The mean (SD) airway to lung ratio was 0.033 (0.004) (98.3 [10.4] percent predicted) in the MESA Lung study and 0.032 (0.003) (95.7 [9.3] percent predicted) in the CanCOLD study. The Figure presents representative CT images showing the spectrum of airway to lung ratio and associated FEV1:FVC among never smoking participants free of standard COPD risk factors.
In the MESA Lung Study, participants in the lowest quartile compared with those in the highest quartile of airway to lung ratio had significantly lower FEV1:FVC (0.69 vs 0.78; adjusted mean difference, −0.09; 95% CI, −0.10 to −0.08; P < .001) and had higher COPD prevalence (11.7% vs 2.9%; adjusted prevalence ratio, 4.06; 95% CI; 2.75 to 5.99; P < .001; adjusted prevalence difference, 8.9%; 95% CI, 7.5% to 9.8%). Findings were similar in unadjusted and partially adjusted analyses (Table 2).
In the CanCOLD study, participants in the lowest airway to lung ratio quartile also had a significantly lower FEV1:FVC ratio (0.61 vs 0.72; adjusted mean difference, −0.09; 95% CI, −0.10 to −0.08; P < .001), and higher COPD prevalence (18.4% vs 6.5%; adjusted prevalence ratio, 2.83; 95% CI, 1.87 to 4.27; P < .001; adjusted prevalence difference, 11.9%; 95% CI, 8.6%-14.1%) than those in the highest quartile (Table 2).

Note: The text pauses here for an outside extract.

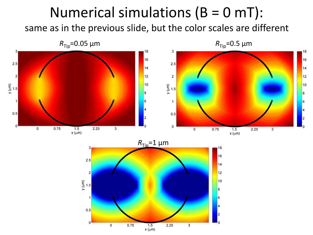 Numerical simulations (B = 0 mT):same as in the previous slide, but the color scales are different RTip=0.05 µm RTip=0.5 µm RTip=1 µm
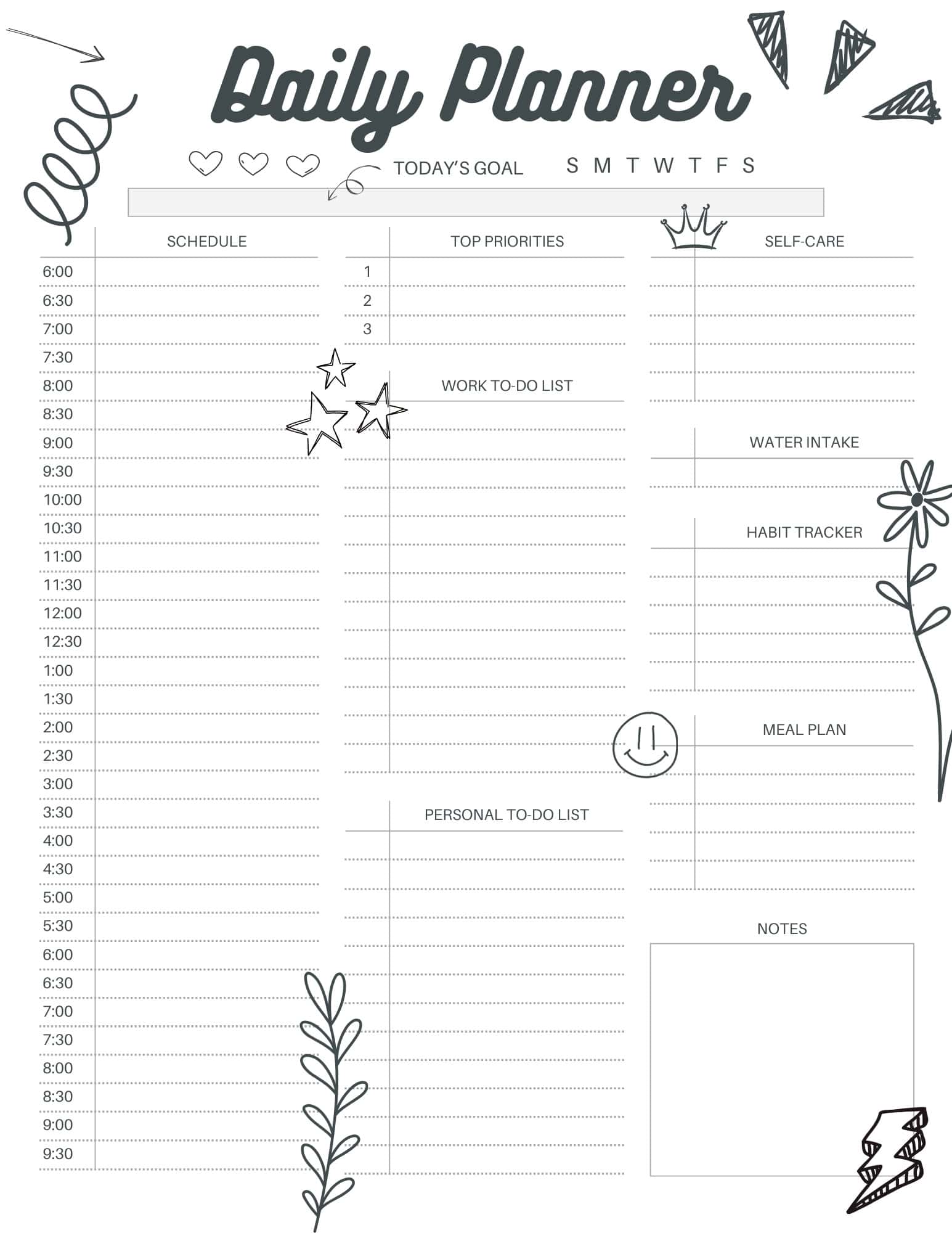 Doodle-style daily planner is super cute and fun. With space for your schedule, priorities, self-care, to-do list, water intake, habit tracker, meal plan, and notes.

Participants in the lowest quartile of airway to lung ratio also had a significantly higher COPD incidence in unadjusted and adjusted analyses in MESA Lung (9.8 vs 1.2 cases/1000 person-years; adjusted rate ratio [RR], 8.12; 95% CI, 3.81-17.27; adjusted rate difference, 8.6 cases/1000 person-years 95% CI, 7.1-9.2 cases/1000 person-years; P < .001), and in the CanCOLD study (80.6 vs 24.2 cases/1000 person-years; adjusted RR, 3.33; 95% CI, 1.89-5.85; adjusted rate difference, 56.4 cases/1000 person-years, 95% CI, 38.0-66.8 cases/1000 person-years; P < .001) compared with the highest quartile (Table 2).
There was no statistically significant association between airway to lung ratio and longitudinal FEV1:FVC decline in either community-based study (adjusted mean FEV1:FVC change per 5 years in MESA Lung, 0.00; 95% CI, 0.00 to 0.00; P = .61, and in the CanCOLD study, 0.00; 95% CI, −0.01 to 0.01; P = .95; Table 2).
In the MESA Lung study, the combination of age, age × age, sex, height, height × height, and race/ethnicity statistically accounted for 14.4% of the baseline FEV1:FVC variation (95% CI, 14.2%-14.5%), primary tobacco smoke exposure variables (cigarette smoking status, pack-years, pipe smoking status, pipe-years, cigar smoking status, cigar-years) accounted for an additional 4.7% (95% CI, 4.6%-4.8%), and secondhand smoke, occupational or environmental pollutants, and asthma variables an additional 2.9% (95% CI, 2.8%-3.0%). The airway to lung ratio, when added to the above factors, statistically accounted for an additional 16.7% (95% CI, 16.6%-16.9%). The airway to lung ratio was also significantly associated with a C-statistic increment for incident COPD when added to the above factors (C statistic, 0.83 vs 0.76; difference, 0.07; 95% CI, 0.03-0.11; P < .001), and NRI improvement (0.60; 95% CI, 0.57-0.62; P < .001; Table 3).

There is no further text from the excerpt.